Breast cancer (BC) is one of the devastating malignancies and second-leading mortality cause in females worldwide. Traditional methods for BC screening include magnetic resonance imaging (MRI), ultrasound, mammography, or positron emission tomography (PET-scans). Unfortunately, these approaches possess several drawbacks such as high cost, low sensitivity, difficult operation with stressful conditions for patients [1, 2]. To date, several types of BC biomarkers such as nucleotides, cancer cells, proteins, and some small molecules have been explored to support a precise diagnosis. Of these biomarkers, the human epidermal growth factor receptor-2 (HER-2), a specific oncoprotein, is changed during the development and progression of BC. It was suggested the overexpression of HER-2 in breast cancer cells stimulates proliferation rate and tumor expansion [3, 4]. Currently, the diagnosis of HER-2+ BC is based on conventional techniques like cytological analyses using fine-needle aspiration (FNA), fluorescence in situ hybridization (FISH), gene expression monitoring, immunohistochemistry (IHC), and enzyme-linked immunosorbent assay (ELISA) procedures. Among the above-mentioned approaches, FNA and direct sampling are time-consuming and operationally invasive and can result in iatrogenic tumor implantation or metastasis [5]. Importantly, laboratory data have indicated that the level of HER-2 in the serum of BC patients ranged from 220 pM to 1.1 nM whereas these values reached 30 pM to 220 pM in healthy people, showing the much overlaps in the systemic levels of HER-2 under physiological and pathological conditions [6–8]. As a consequence, there is an urgent need to develop accurate and low-cost methodologies with the ability of rapid and sensitive recognition in BC patients.
Biosensors have been developed as key responses to circumvent the problems associated with HER-2 screening. Electrochemical biosensors are one of the most employed, highly sensitive, and easy to implemented tools for the detection of target molecules in biological samples [9–11]. One of the most appealing interests in electrochemical biosensing strategies is to use nano-biomaterials for the modification of electrode surface structure. The simultaneous application of nanomaterials in the electrochemical sensors can yield excellent achievements [12–14]. The synthesis protocol of nanomaterials is one of the limiting factors in their applicability, quality, final costs, and environmental viewpoints [15, 16]. Thanksgiving to colloidal procedures, electrosynthesis of nanomaterials is easily performed by dipping the working electrode in the electrochemical cell containing the precursor solution. A load of the same nanostructures on working electrodes using electrochemical methods is thought to increase detection outcomes [17–20]. In this case, there are no reducing, stabilizing agents in growth solution, which were applied in colloidal methodologies. Instead, a specified potential or current is implemented across the reaction cell to form nanoparticles. The integration of the electrosynthesis methods with the fast-growing nanotechnology field can present a unique gift to progress the synthesis chemistry for many applications [21–24].
Molybdenum trioxide (MoO3) semi-conductor is of high interest among other semiconductors because of desirable biocompatibility, high electrical conductivity, big band gape, acceptable catalytic activity, tuning plasmon, large surface area, and lower final production costs [25, 26]. These superiorities facilitate the application of MoO3 in several domains such as electro-catalysis [27, 28], energy storage device development [29, 30], and fabrication of chemical sensors [31–34]. To this end, MoO3 nanomaterials have been used in different shapes, sizes, and functionalities in strategies associated with biosensing. One of the most prevalent interests in such an investigation is merging Mo nanostructures with other nanomaterials like platinum [35], graphene [36] and gold [31] nanomaterials. All these combinations are proposed to boost the performance of the Mo nanostructures and cover their application gaps like poor functionalibity and lower conductivity compared to the metal nanomaterials.
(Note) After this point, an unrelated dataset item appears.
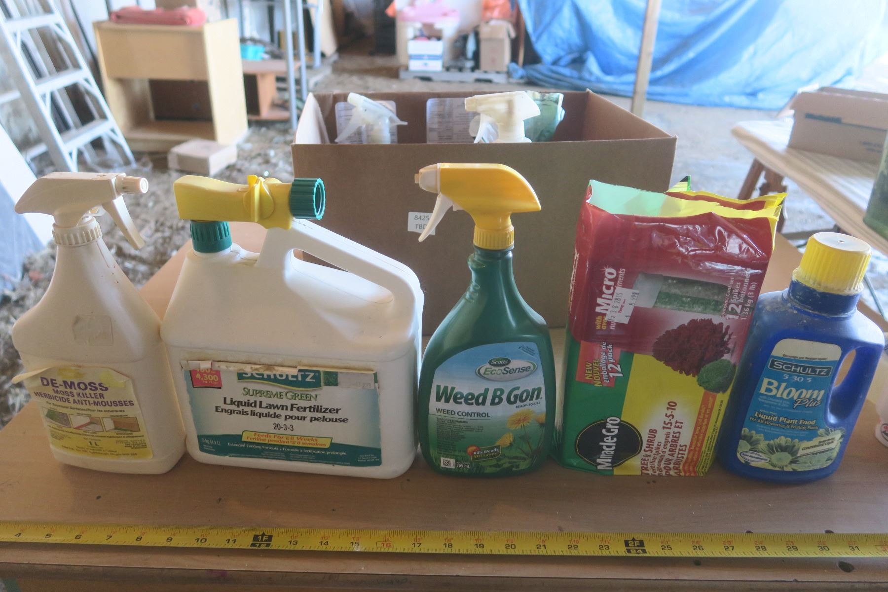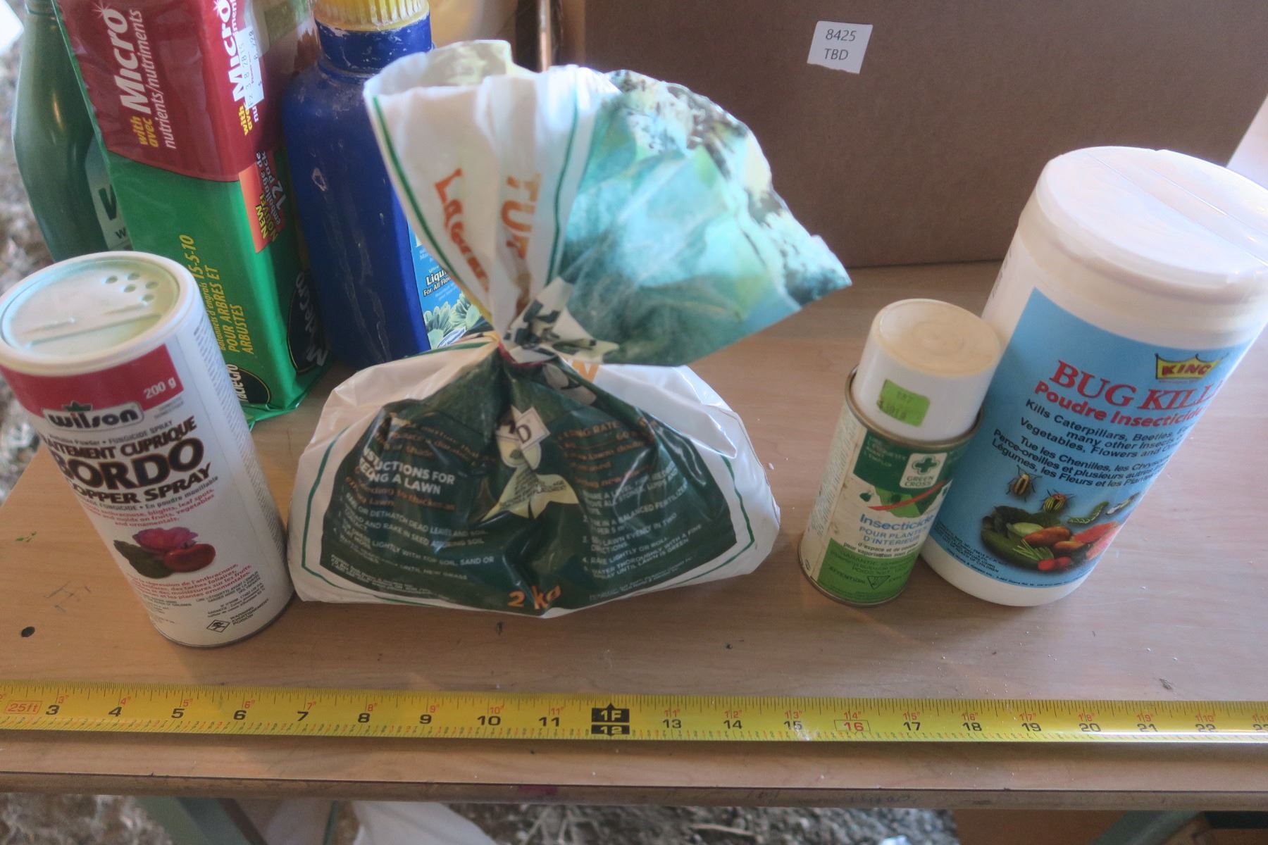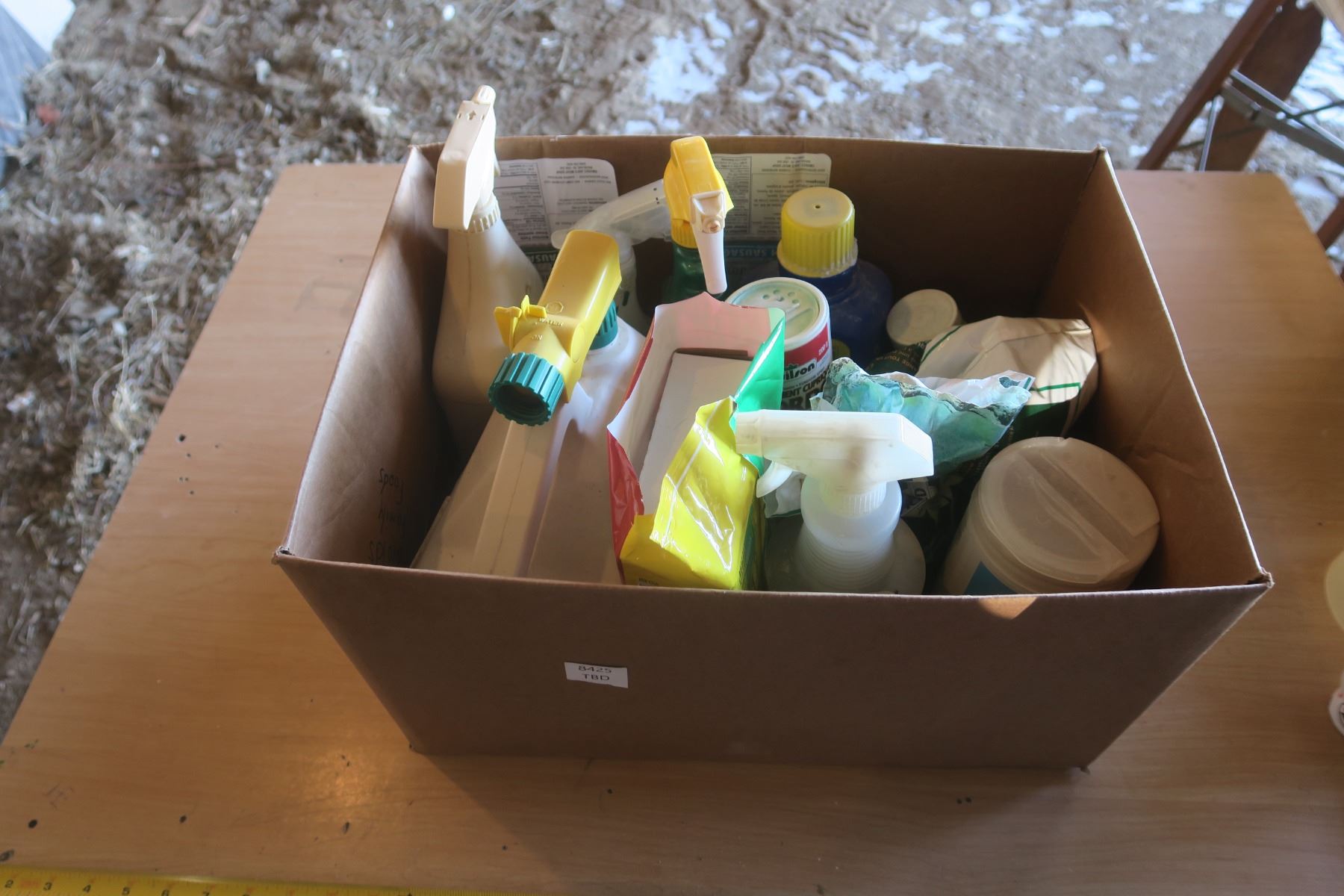 box of insecticides, grass seed, fertilizer, fungicide, etc.

In this research, we used MoO3/poly-Tau (MoO3/p-Tau) nanofilms as a high-performance framework for detection of HER-2 in serum samples of BC patients. An electrosynthesis route was applied for the fabrication of the nanofilms onto the electrode surface. To the best of our knowledge, this is the first report of MoO3/p-Tau nano-films application in the bioassaying field. The highly homogeneous distribution of Mo nanoparticles into the p-Tau films was monitored using an appropriate potential range.